The findings on protective effects of living, working, and social environments are consistent with research on violence risk among civilians which has shown that situational factors increasing stress and vulnerability are significantly linked to violence 31,32,38,39. In this way, our analyses resembled findings from a recent study of violence in Army soldiers55 that were consistent with the diathesis–stress model, which posits that stressful situations can activate predispositions into the presence of psychopathology and/or negative behavioral outcomes56. The data also suggests that veterans who perceive that they have control over their future and who have greater psychological resilience may have greater internal motivation to refrain from violence and be better able to refrain from acting on aggressive impulses, consistent with several psychological theories of aggression40–43.
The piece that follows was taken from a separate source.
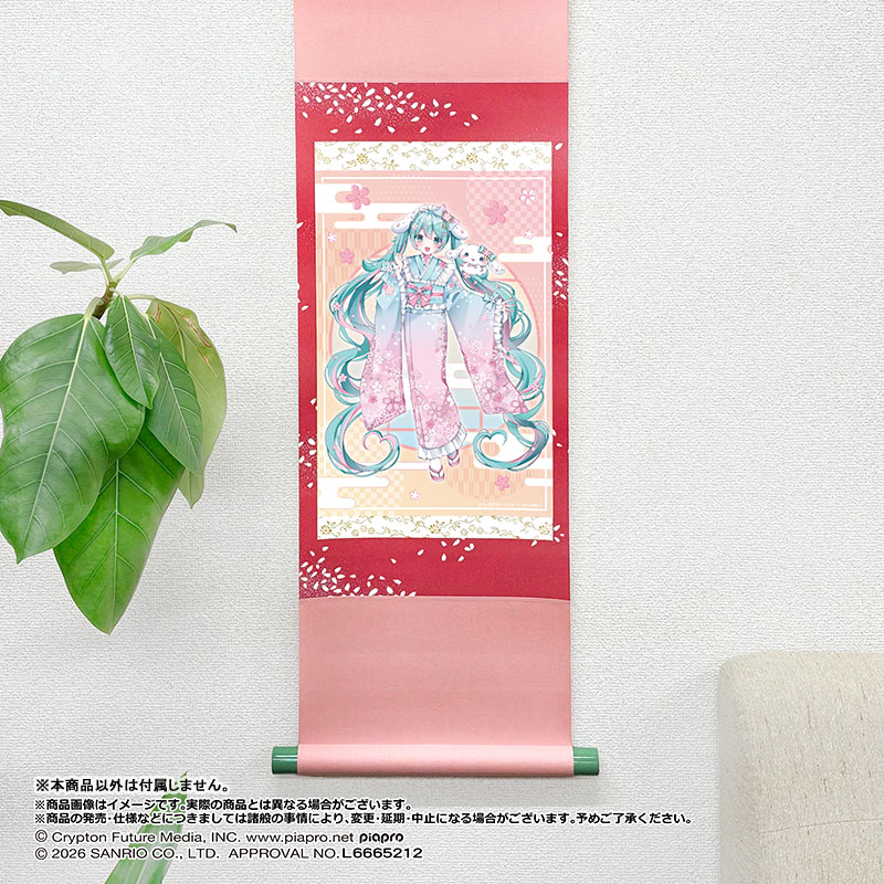 イラストレーターの知花そらさんのイラストを使用した初音ミク×シナモロールの本格的な掛け軸が登場です! 洋室に飾っても馴染む華やかな一品となっています♪

The results demonstrate that protective factors play a vital role in understanding violence in Veterans. In Figure 1, we see that a subset of veteran participants— those with few protective factors— appeared to be at higher risk for engaging in violence. This means that the majority of veterans in our sample possessed most of the selected protective factors and was at relatively lower risk of violence. Figure 2 shows that inquiry into the effects of combat exposure needs to consider that violence does not occur in a vacuum but rather in the context of a veteran’s social environment and psychological well-being. Indeed, one notices that some of the protective factors (living stability, employment, social support, self-direction, basic needs met) are present when service members live on a military base but are not necessarily present when service members return home. Thus, developing protective factors in the community can be seen as a necessary part of post-deployment adjustment.
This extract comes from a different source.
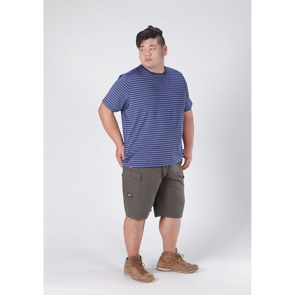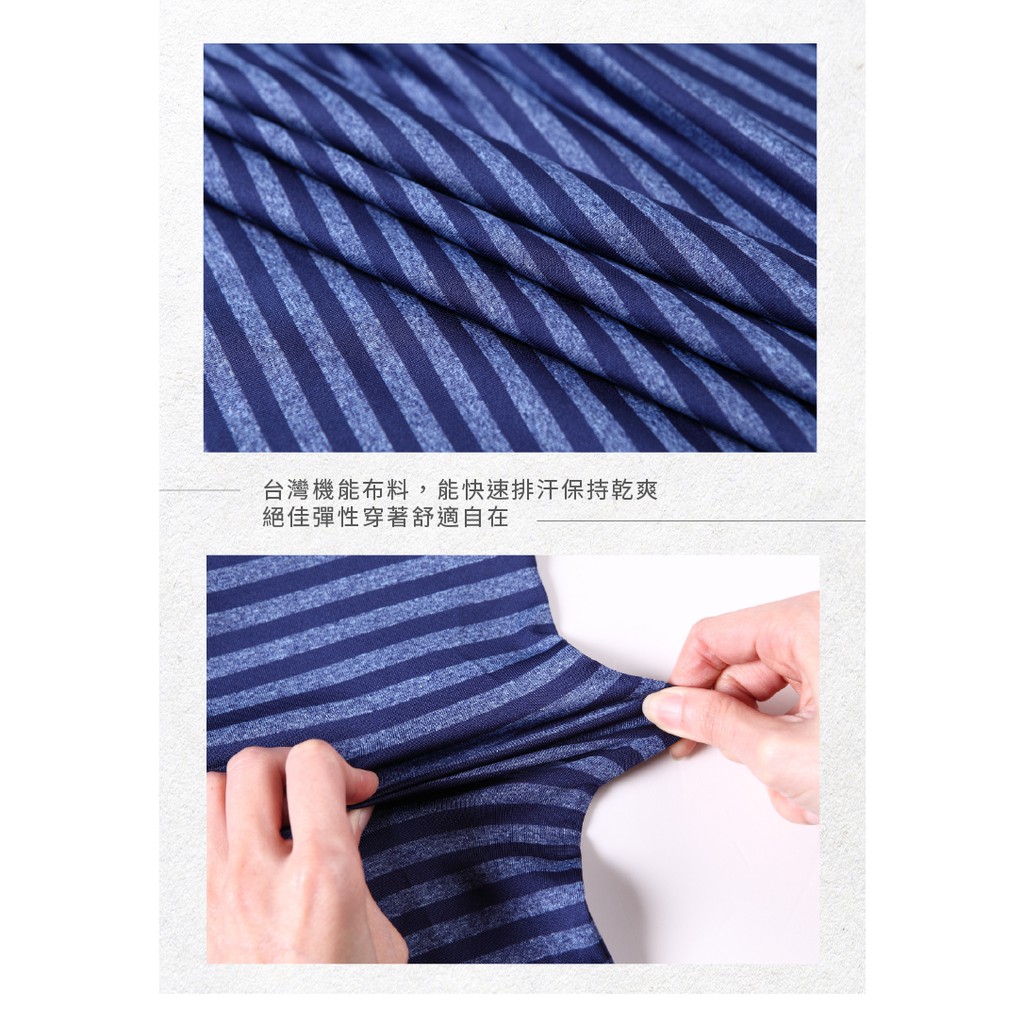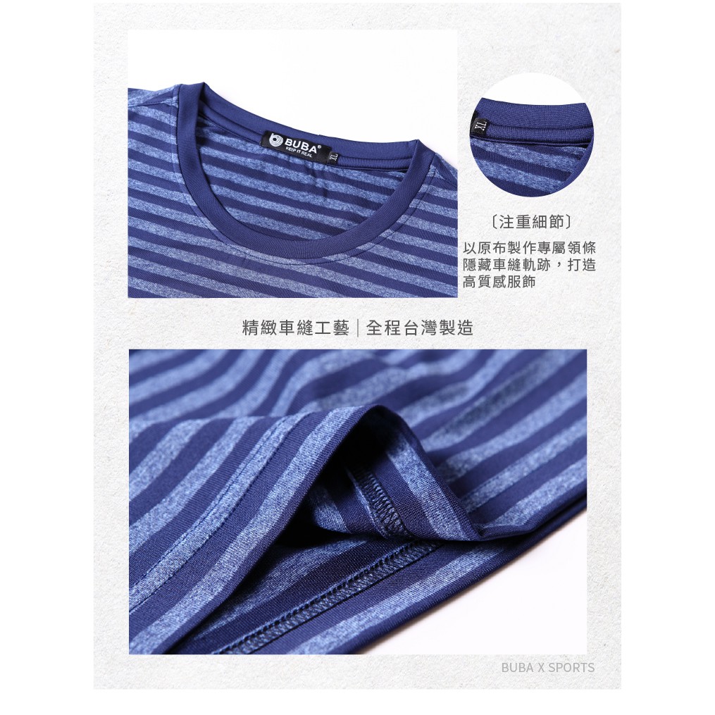 【BUBA大尺碼】台灣製超彈藍色條紋排汗彈力短袖圓領衫 加大尺碼 免運 運動T11722-56

For these reasons, investigation of psychosocial protective factors could assist clinicians working with veterans. Collecting data from veterans about protective factors may be more feasible and carries less stigma for the veteran than direct inquiries about history of violence or criminal behavior. Organizing risk assessment interviews to inquire about the presence of protective factors early in the clinical evaluation may enhance cooperation and facilitate rapport. Consistent with patient-centered healthcare delivery principles, this process can be done collaboratively between the clinician and the veteran and encourages the veteran to play a central role in determining how he or she can work to decrease violence risk. Needs in the area of protective factors are quantifiable, and practical interventions are likely to be more easily understood by veterans and providers.
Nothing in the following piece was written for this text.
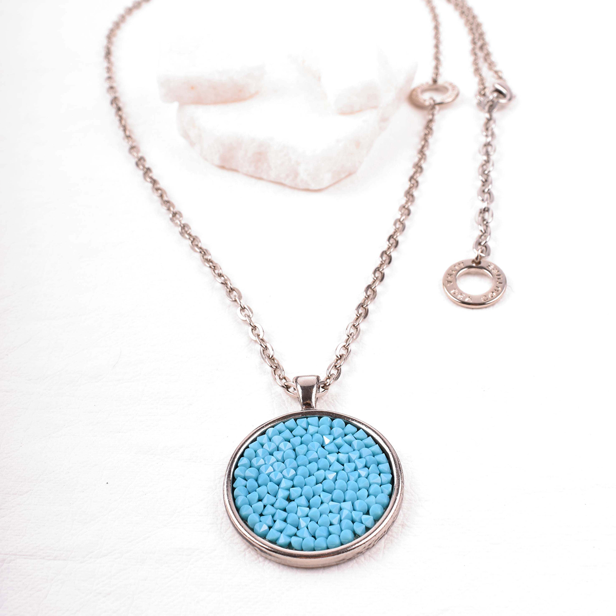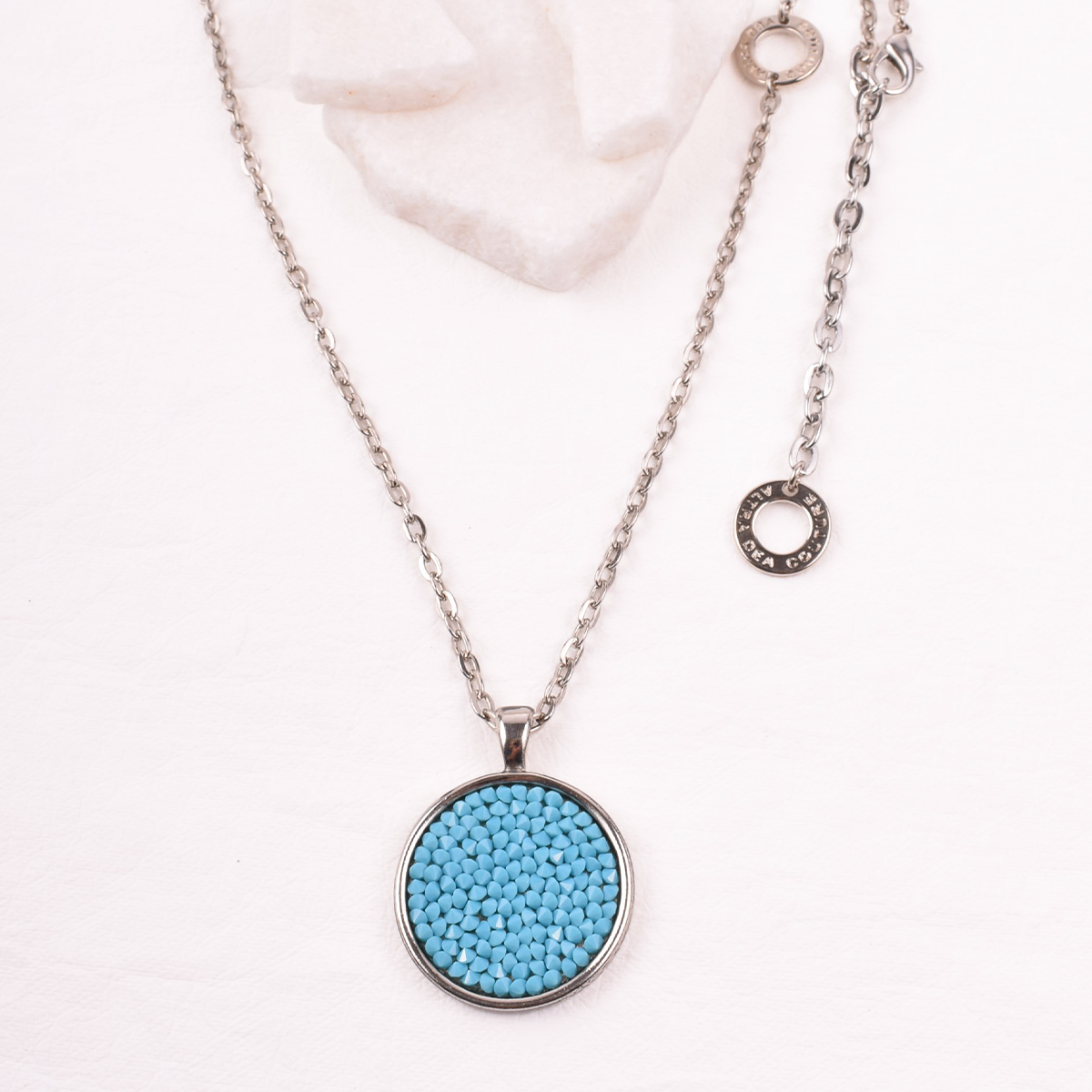 Srebrny, długi naszyjnik z łańcuszkiem o prostych ogniwach. W centrum – okrągła zawieszka, lśniąca mozaika drobnych, niebieskich kryształów Swarovski. Ich ułożenie potęguje odbijanie światła, tworząc efekt spektakularnego blasku.

The data suggest that, in addition to treating mental health and substance abuse problems, rehabilitation approaches to reduce violence risk among veterans should focus on maintaining or improving basic functioning (living, financial, vocational) and well-being (social, psychological). This may be as effective as mental health treatment in reducing violence. VA providers have already started to address poor coping skills, homelessness, lack of social support, and unemployment 24,25,35,36 in an effort to increase veteran resilience. That many veterans reported not working may signal a need to boost vocational rehabilitation and work placement efforts. Still, it should be noted that some veterans in our sample who were not employed may have been enrolled in school full-time. Regardless, the data underscore that job retraining and education is likely a valuable avenue for reducing post-deployment adjustment problems. Current findings also support continuing and extending these types of interventions as promising methods for reducing the likelihood of violence among veterans.
To our knowledge, large-scale epidemiological studies have not employed the types of psychometrically developed measures of violence used in the current study. These measures may be more sensitive in detecting violence, making it difficult to compare the current results with civilian data. Although the presented data do not provide definitive prevalence estimates of post-deployment violence, they do establish that the potential for aggression remains a significant concern among returning Veterans.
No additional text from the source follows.